Ce saint normand fait partie des grands amis du Sacré-Cœur, en particulier grâce à l’héritage reçu des mystiques médiévaux du divin Cœur : les saints Bernard, Bonaventure, Mechtilde, Gertrude, Bernardin de Sienne… En plein jansénisme, poussé par le désir de faire connaître l’amour de Dieu au plus grand nombre, et son immense amour de la Sainte Vierge – à laquelle il a été consacré à sa naissance –, le Père Eudes est l’initiateur du culte public des Cœurs de Jésus et de Marie, pour lesquels il compose des messes et des offices propres, bien avant les fêtes qui seront instituées par l’Église aux XIXe et XXe siècles. Ces deux Cœurs sont, pour lui, « unis si intimement que le Cœur de Jésus est le principe du Cœur de Marie, comme le créateur est le principe de sa matière et que le Cœur de Marie est l’origine du Cœur de Jésus ». Ainsi, dès 1648, il fait célébrer, à Autun, la première fête liturgique du Cœur de Marie. Et, en 1672 – un an avant la première apparition de Paray-le-Monial –, la première fête liturgique du Cœur de Jésus, faisant de lui le précurseur de sainte Marguerite-Marie Alacoque.

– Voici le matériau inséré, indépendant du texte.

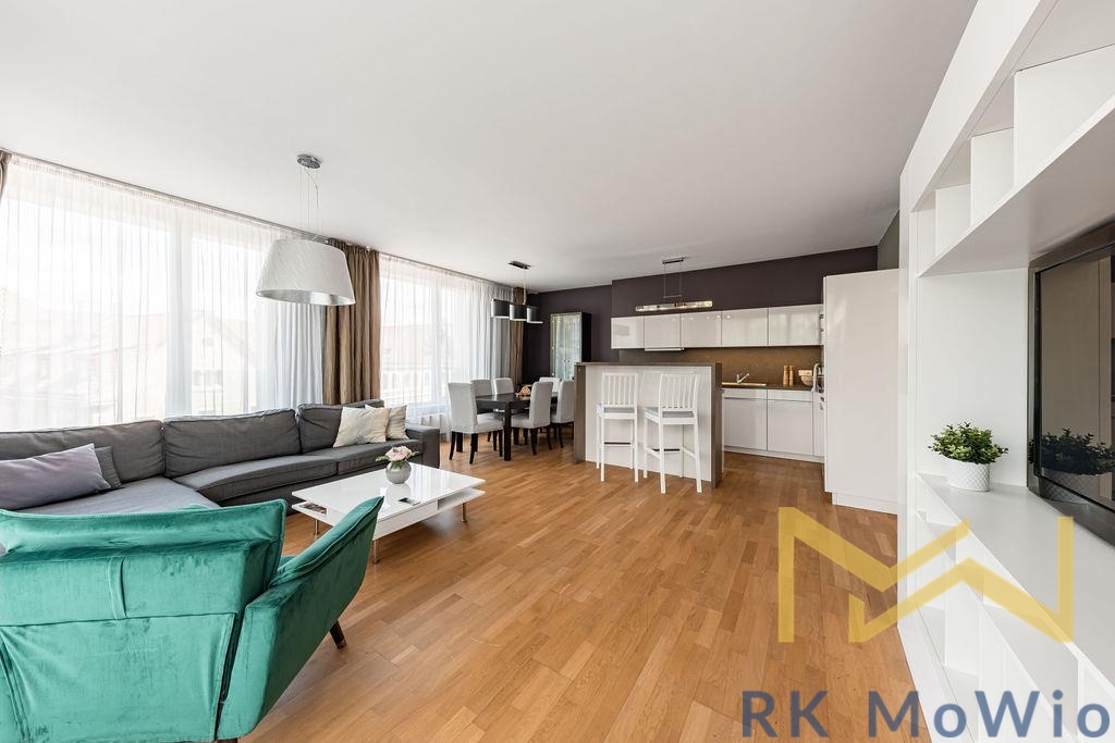 Půdorys bytové jednotky disponuje vstupní chodbou, vzdušným obývacím pokojem s přístupem na terasu, kuchyňským koutem s jídelním prostorem, hlavní ložnicí s vlastní koupelnou (se sprchou, umyvadlem a toaletou), dvěma ložnicemi, oddělenou koupelnou (s vanou a dvěma umyvadly) a praktickou samostatnou toaletou. Další vybavení bytu: kvalitní kuchyňská linka včetně lednice s mrazákem, sklokeramické varné desky, digestoře, elektrické trouby a myčky, vinotéka; vestavěné skříně, pračka, možnost instalace sušičky, příprava pro vysokorychlostní internet, dřevěné podlahy a dlažba. Součástí pronájmu je 1 sklep, možnost pronájmu parkovacího stání za extra poplatek 3.600,- Kč/měsíc. K dispozici 1.3.2026.

La réparation au Sacré-Cœur
Quelques années avant les apparitions du Sacré-Cœur, il évoquait déjà la réparation qui lui est due, insistant sur la nécessité de « demander pardon à ce très bon Cœur de toutes les douleurs, tristesses et angoisses et martyres très sanglants qu’il a soufferts pour nos péchés […] et accepter pour l’amour de lui tous les ennuis, tristesses et afflictions qui nous arriveront jamais ». L’autre grande originalité théologique de Jean Eudes est d’avoir montré aux croyants que tous les trésors d’amour de la Trinité sont à leur disposition pour réparer leurs fautes et obtenir les grâces pour leur salut. Ils peuvent ainsi offrir eux-mêmes l’amour du Fils au Père : « Voilà le divin Cœur de votre Fils bien-aimé, que vous m’avez donné, lequel je vous offre pour satisfaire aux obligations que j’ai de vous adorer, de vous aimer, de vous rendre grâces, de vous satisfaire pour mes péchés. »
Son intense désir de permettre à tous de vivre de cet amour divin, le pousse à être missionnaire. Il animera des centaines de missions dans les paroisses normandes et bretonnes, où ses talents de prédicateur font merveille pour la conversion des cœurs.
Former les prêtres
Par ailleurs, dans la lignée de la réforme du concile de Trente, saint Jean Eudes est persuadé de l’importance de la formation des prêtres dans l’édification des fidèles. Cette conviction pousse le Père Eudes à quitter l’Oratoire de Bérulle, où il a été ordonné en 1625, pour fonder la congrégation de Jésus et de Marie – les eudistes –, en 1643. Le but de cette nouvelle société de prêtres est de leur offrir une solide formation spirituelle et intellectuelle, par la fondation de séminaires. Aussi mystique que théologien, il est l’un des maîtres de l’École française de spiritualité, avec Bérulle, saint François de Sales, saint Vincent de Paul…
Sa doctrine a fortement inspiré Pie XII pour sa grande encyclique sur le Sacré-Cœur, Haurietis aquas. Il a tellement fait avancer la doctrine des Cœurs de Jésus et de Marie que saint Pie X, lors de sa canonisation, le nomme « père, docteur et apôtre des cultes liturgiques des Cœurs de Jésus et de Marie », quoique sa cause pour être « docteur » de l’Église n’ait pas encore abouti… Il est porté sur les autels en 1925, en même temps que le Curé d’Ars et Thérèse de Lisieux. Une belle promotion française.